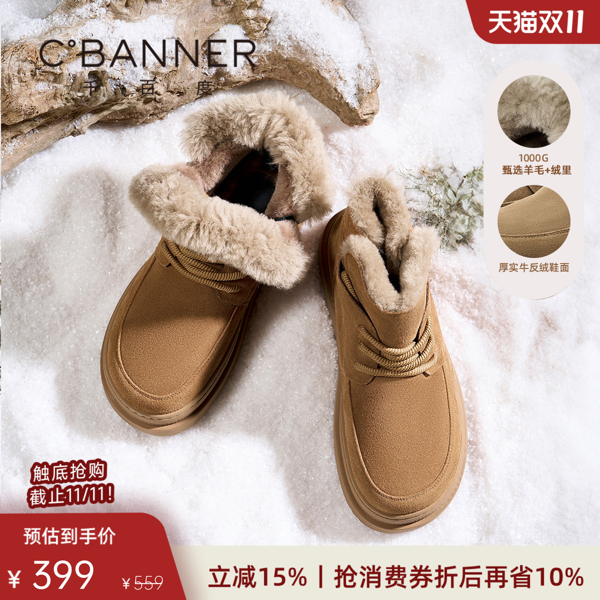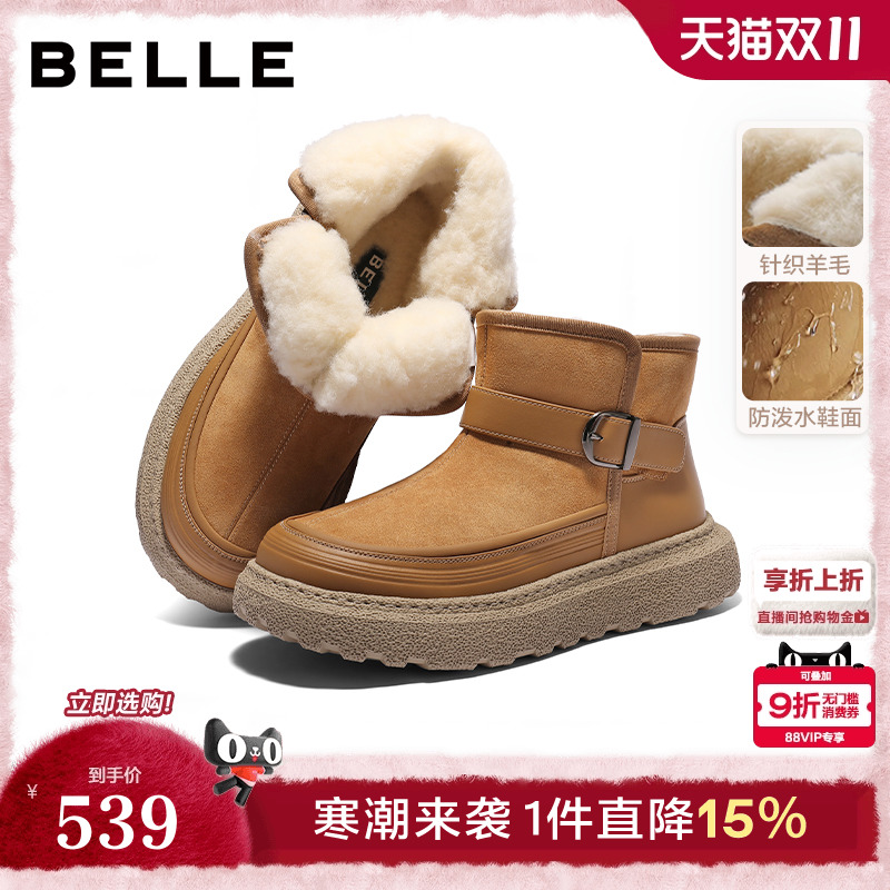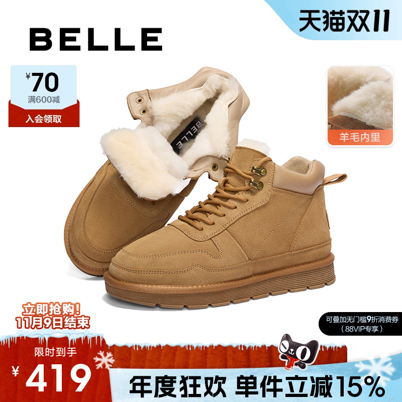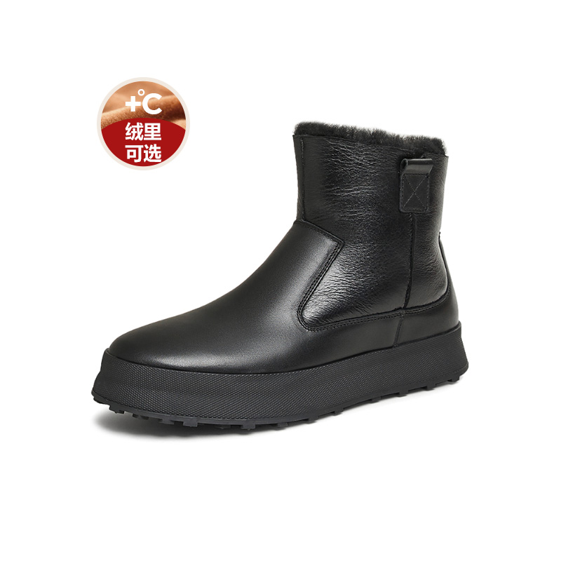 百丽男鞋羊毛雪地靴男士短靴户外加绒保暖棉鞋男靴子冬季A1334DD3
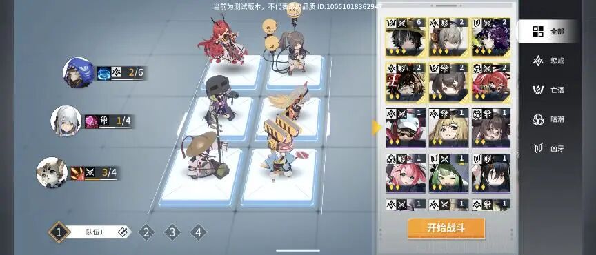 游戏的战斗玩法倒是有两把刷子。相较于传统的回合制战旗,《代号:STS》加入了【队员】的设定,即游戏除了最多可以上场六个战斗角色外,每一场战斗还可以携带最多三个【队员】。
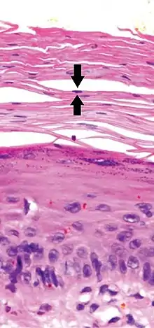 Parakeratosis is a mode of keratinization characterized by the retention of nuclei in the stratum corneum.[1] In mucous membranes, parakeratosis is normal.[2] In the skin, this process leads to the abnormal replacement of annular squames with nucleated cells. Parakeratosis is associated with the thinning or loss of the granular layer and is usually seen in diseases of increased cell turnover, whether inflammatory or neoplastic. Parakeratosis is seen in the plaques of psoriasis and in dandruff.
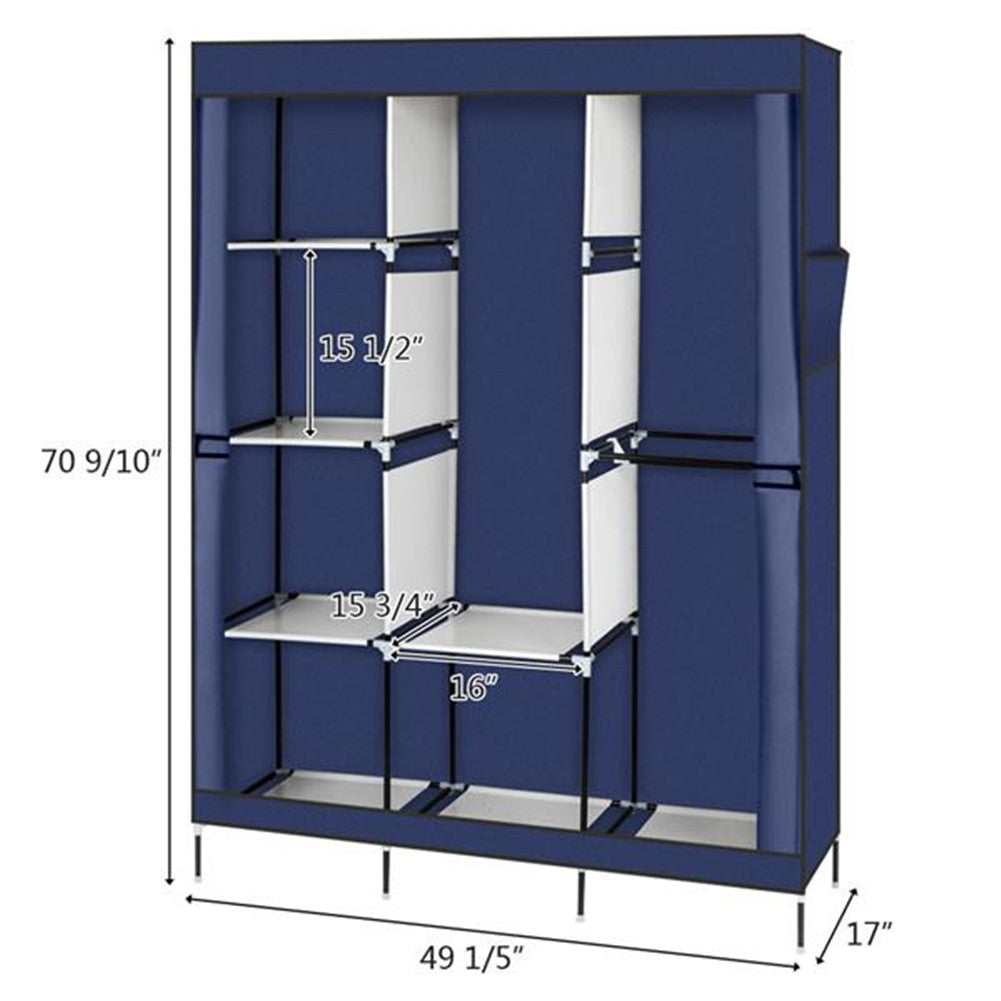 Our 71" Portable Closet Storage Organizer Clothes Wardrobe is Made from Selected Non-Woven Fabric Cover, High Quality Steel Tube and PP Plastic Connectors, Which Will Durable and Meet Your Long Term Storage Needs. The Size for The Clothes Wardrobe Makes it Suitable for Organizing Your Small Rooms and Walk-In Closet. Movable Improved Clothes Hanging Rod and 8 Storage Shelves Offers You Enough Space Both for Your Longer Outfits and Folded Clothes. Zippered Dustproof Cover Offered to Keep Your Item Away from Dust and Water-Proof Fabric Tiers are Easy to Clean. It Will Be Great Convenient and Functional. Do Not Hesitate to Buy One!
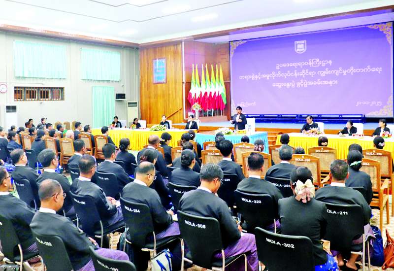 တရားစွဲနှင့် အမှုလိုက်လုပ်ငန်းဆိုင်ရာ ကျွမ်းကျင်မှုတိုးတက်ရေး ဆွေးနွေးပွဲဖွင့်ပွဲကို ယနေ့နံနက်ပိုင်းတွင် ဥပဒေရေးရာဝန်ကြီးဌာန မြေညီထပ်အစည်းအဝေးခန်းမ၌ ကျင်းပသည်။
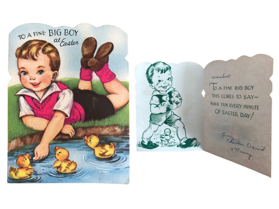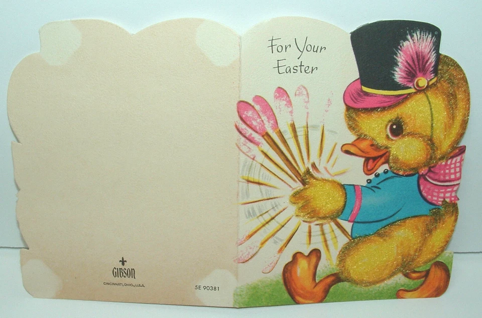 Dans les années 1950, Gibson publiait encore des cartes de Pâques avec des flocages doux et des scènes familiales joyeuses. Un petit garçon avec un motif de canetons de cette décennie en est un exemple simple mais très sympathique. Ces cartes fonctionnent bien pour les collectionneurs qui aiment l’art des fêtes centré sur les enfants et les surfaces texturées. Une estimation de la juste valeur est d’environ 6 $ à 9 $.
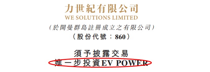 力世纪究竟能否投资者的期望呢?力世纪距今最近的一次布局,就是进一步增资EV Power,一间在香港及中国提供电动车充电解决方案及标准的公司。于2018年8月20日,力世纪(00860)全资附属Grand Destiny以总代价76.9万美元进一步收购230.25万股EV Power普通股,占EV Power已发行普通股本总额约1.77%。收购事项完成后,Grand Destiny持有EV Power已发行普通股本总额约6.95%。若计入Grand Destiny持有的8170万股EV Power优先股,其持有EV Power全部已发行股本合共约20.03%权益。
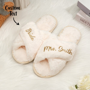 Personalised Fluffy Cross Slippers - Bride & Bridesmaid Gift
==
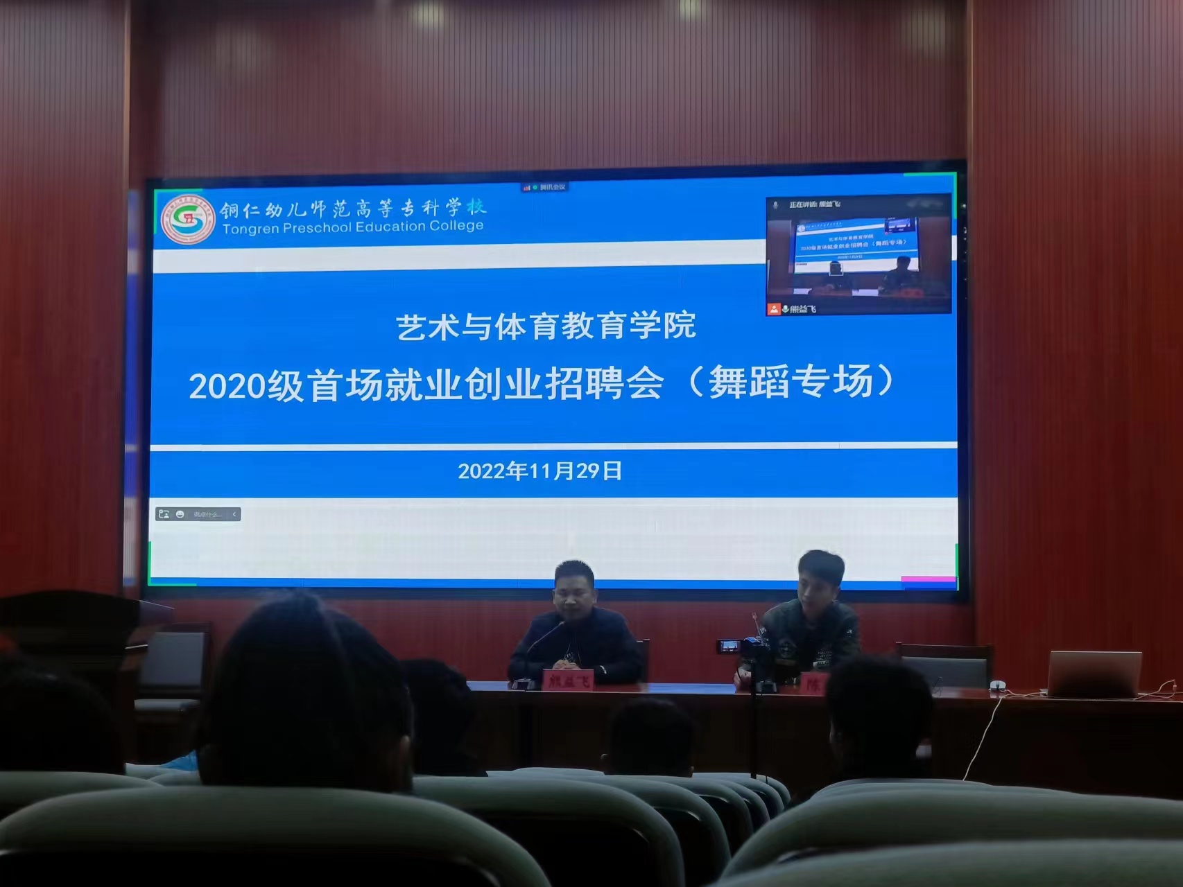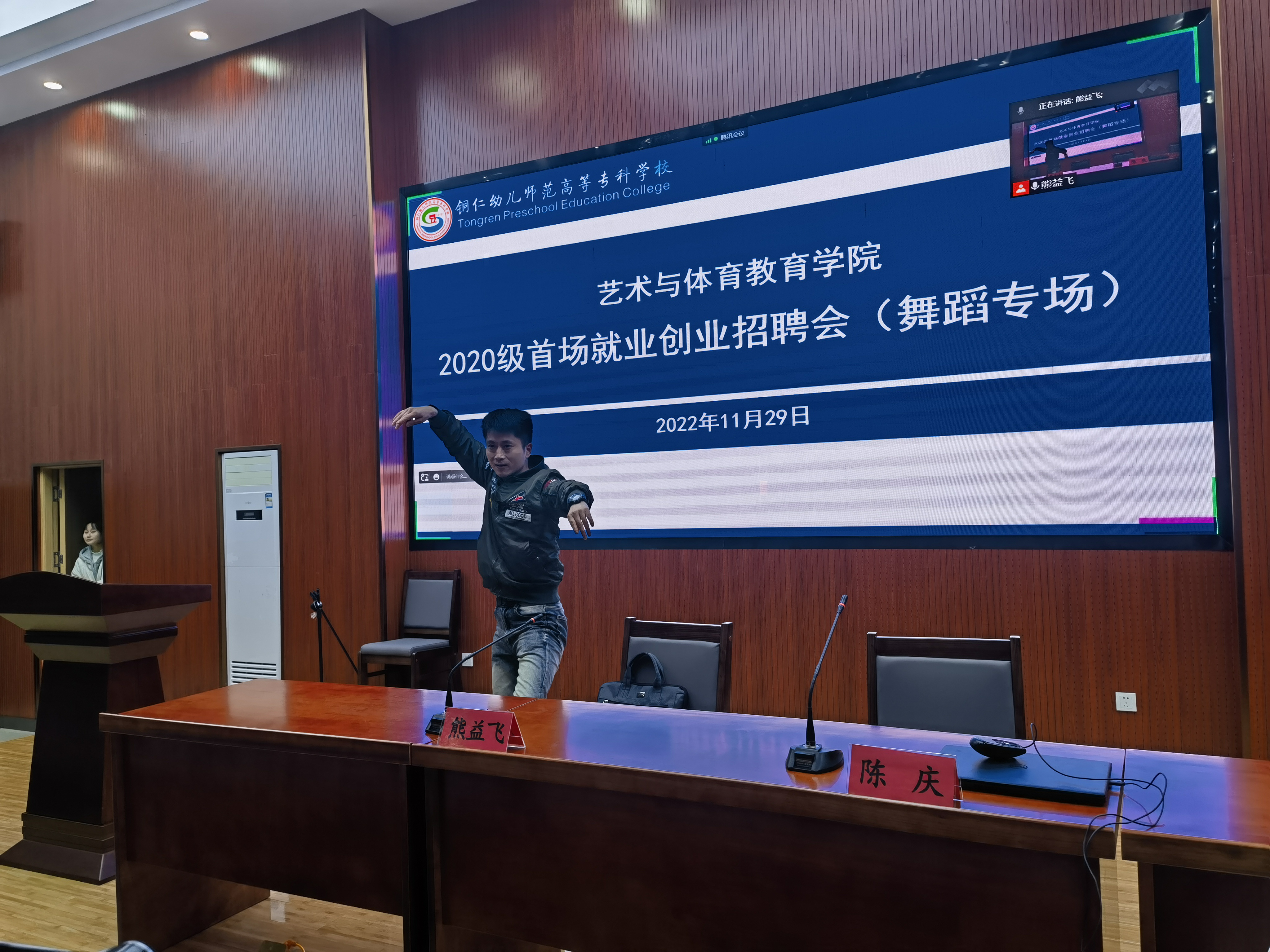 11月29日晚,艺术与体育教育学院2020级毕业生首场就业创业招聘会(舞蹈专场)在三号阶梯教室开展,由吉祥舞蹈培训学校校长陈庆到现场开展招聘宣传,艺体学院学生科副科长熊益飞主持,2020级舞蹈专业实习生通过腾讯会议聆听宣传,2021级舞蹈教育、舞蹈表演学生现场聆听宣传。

## TASK GOAL
Exactly the lines starting at the one above with "Destiny持有的8170万股EV Power优先股,其持有EV Power全部已发行股本合共约20.03%权益。" and ending at the one with "Personalised Fluffy Cross" should be printed, and nothing else. Omit the pictures.

## ANSWER FOR THIS EXERCISE
 力世纪究竟能否投资者的期望呢?力世纪距今最近的一次布局,就是进一步增资EV Power,一间在香港及中国提供电动车充电解决方案及标准的公司。于2018年8月20日,力世纪(00860)全资附属Grand Destiny以总代价76.9万美元进一步收购230.25万股EV Power普通股,占EV Power已发行普通股本总额约1.77%。收购事项完成后,Grand Destiny持有EV Power已发行普通股本总额约6.95%。若计入Grand Destiny持有的8170万股EV Power优先股,其持有EV Power全部已发行股本合共约20.03%权益。
 Personalised Fluffy Cross Slippers - Bride & Bridesmaid Gift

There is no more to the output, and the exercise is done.